[Dataset content]

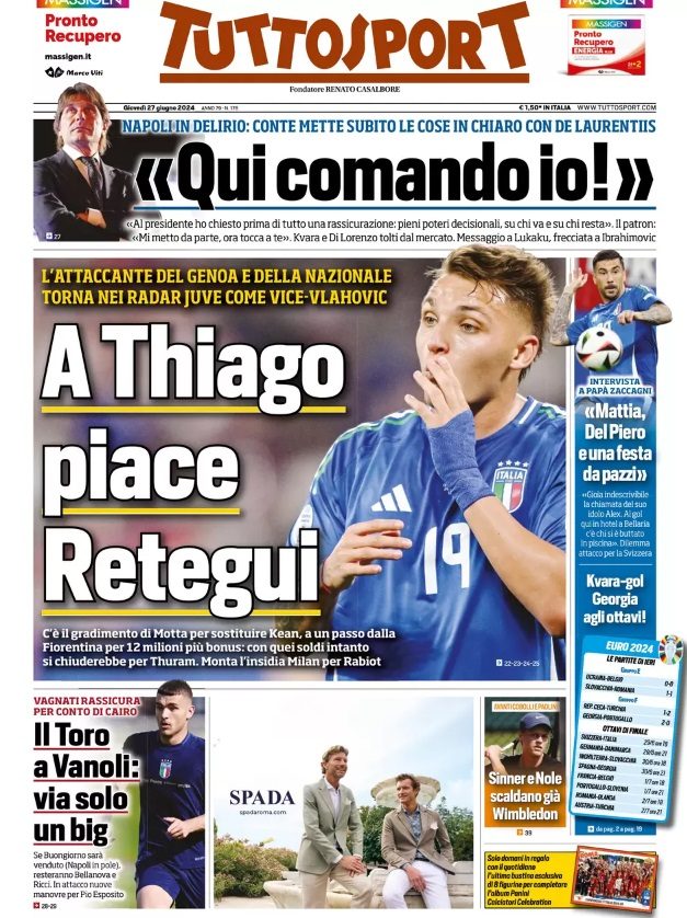 L'edizione odierna del quotidiano TuttoSport, in prima pagina, dedica la copertina al mercato in entrata della Juventus: "A Thiago piace Retegui. C'è il gradimento di Motta per sostituire Kean".
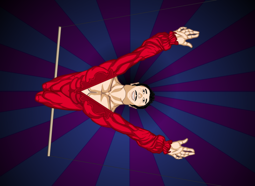 [/quote]^ Yeah. If he was swinging all out stretched like that the cables would follow his line of action. Just switch em to the other side of the bar, and it should be all good. Awesome job on the pose though. Very nice!
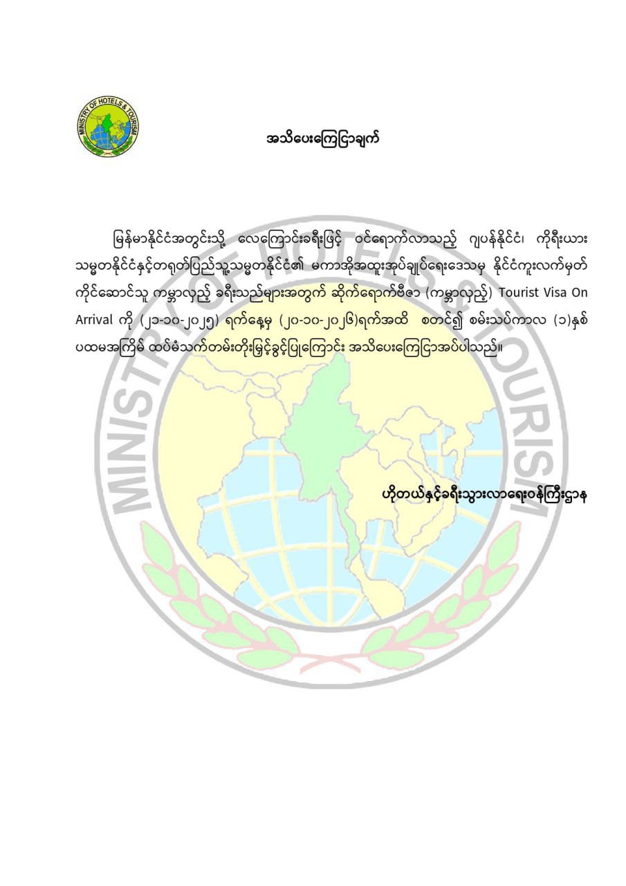 မြန်မာနိုင်ငံအတွင်းသို့ လေကြောင်းခရီးဖြင့် ဝင်လာရ...

[/Dataset content]

## Task objective
Restate the data word for word and exclude every picture.

## Your solution
 L'edizione odierna del quotidiano TuttoSport, in prima pagina, dedica la copertina al mercato in entrata della Juventus: "A Thiago piace Retegui. C'è il gradimento di Motta per sostituire Kean".
 [/quote]^ Yeah. If he was swinging all out stretched like that the cables would follow his line of action. Just switch em to the other side of the bar, and it should be all good. Awesome job on the pose though. Very nice!
 မြန်မာနိုင်ငံအတွင်းသို့ လေကြောင်းခရီးဖြင့် ဝင်လာရ...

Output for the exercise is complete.